One way in which the at-risk population can be determined is by following a predefined cohort of cows over time until all have been culled. A cohort is a group of individuals with some common characteristic when they are assembled or designated and which are then monitored for some period. For each cow, the years of herd life (from start to cull) would be determined, and the years across all cows summed, thereby producing the cow-years at risk. The resulting culling incidence rate would define the risk (per cow per year) of being culled. These calculations are often used in epidemiological or clinical trials.
A second way of determining the at-risk population is to follow all cows on a dairy for a year, and count the number in that cohort that was culled. Like all prospective cohort studies, consideration must be given as to whether the starting cohort (e.g., all cows in the herd on July 1) is representative of the general population or demographic of interest.
Unfortunately, practical problems occur for either of those 2 methods of calculating the magnitude of culling on an operating dairy. For the first technique, cohorts of cows generally do not arrive together. Although simultaneous arrival is not strictly required for determining cow-time at risk, it makes it easier. If all cows in the dairy on a given day determine the cohort, then that days particular demographics (considering parity, lactation stage, season, etc.) will tend to influence the observed culling incidence rate and thus reduce the comparability to other herds. Management factors operating for a short time could also influence the outcome of the cohort as well, but not reflect the general state of the dairy. In each successive month, fewer of the original cohort remain, and those are usually mingled with the herd replacements. Culling incidence rate is a valuable research tool to use regarding culling, but tracking the cohort and collecting the data take a long time so it is often too historic to be useful in addressing current managerial needs. Still, it provides some valuable clues as to problems on a population basis that are less likely to change quickly over time.
Herd Turnover Rate
The literature and current computer records systems use a number of terms to describe culling. Terms like "yearly turnover" and "cows leave, %" (AgSource Cooperative Service, 2005), "culling rate" (e.g., Hoekema, 1999a,b; Brett, 2003), "proportion removed from herd" (Smith et al., 2000), "percent left herd" (Gangwer et al., 1993), and "replacement rate" (Allaire, 1981) are used to describe the extent of culling. Calculations of those indices vary not only between indices but also for the same index (e.g., culling rate in Hoekema, 1999a, b vs. Brett, 2003).

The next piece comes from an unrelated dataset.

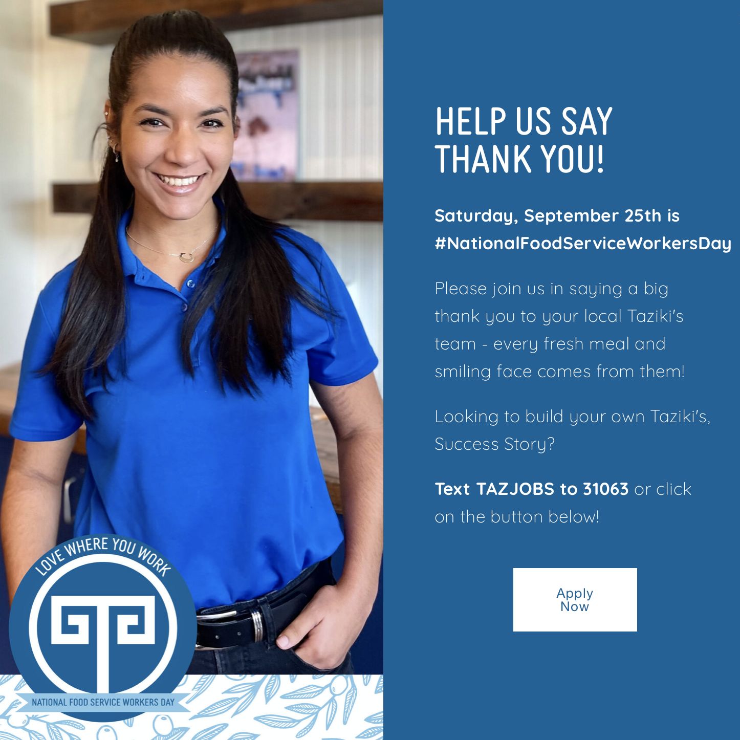 “Today’s restaurant workforce is rapidly changing,” said Simpson. “Managing a business and hiring is hard but Taziki’s has had great support along the way. Our new as well as seasoned employees are extremely valuable to us. We are thankful to support their growth at our restaurant and spotlight them on National Food Service Workers Day.”

Currently, the reader or user must be wary when interpreting values or comparing them to those from other dairies or research studies (Radke and Shook, 2001).
Again, the numerator for those calculations is straightforward, although some have excluded dead cows, which is a mistake if overall turnover is being considered. Unfortunately, 2 different denominators are used as well. Some use the mean number of cows (parity 1 or older) on the dairy for the year. A simple approach is to use the average of the starting and ending inventory. If herd size is relatively stable, the result is a fair approximation of the number of cow-years at risk, even though the cows represented in the starting cohort are not all the same as in the ending cohort. If calving patterns throughout the year are consistent, then the parity distribution of the population is also reasonably represented. A more precise approach is to average the cow inventory at monthly intervals over the year (e.g., DRMS, 1997). The monthly mean accounts for changes in population size across the year and comes closer to actual cow-years in the herd. Computers make it possible to calculate cow-years, cow-months, or even cow-days in the herd, and the latter is the ideal.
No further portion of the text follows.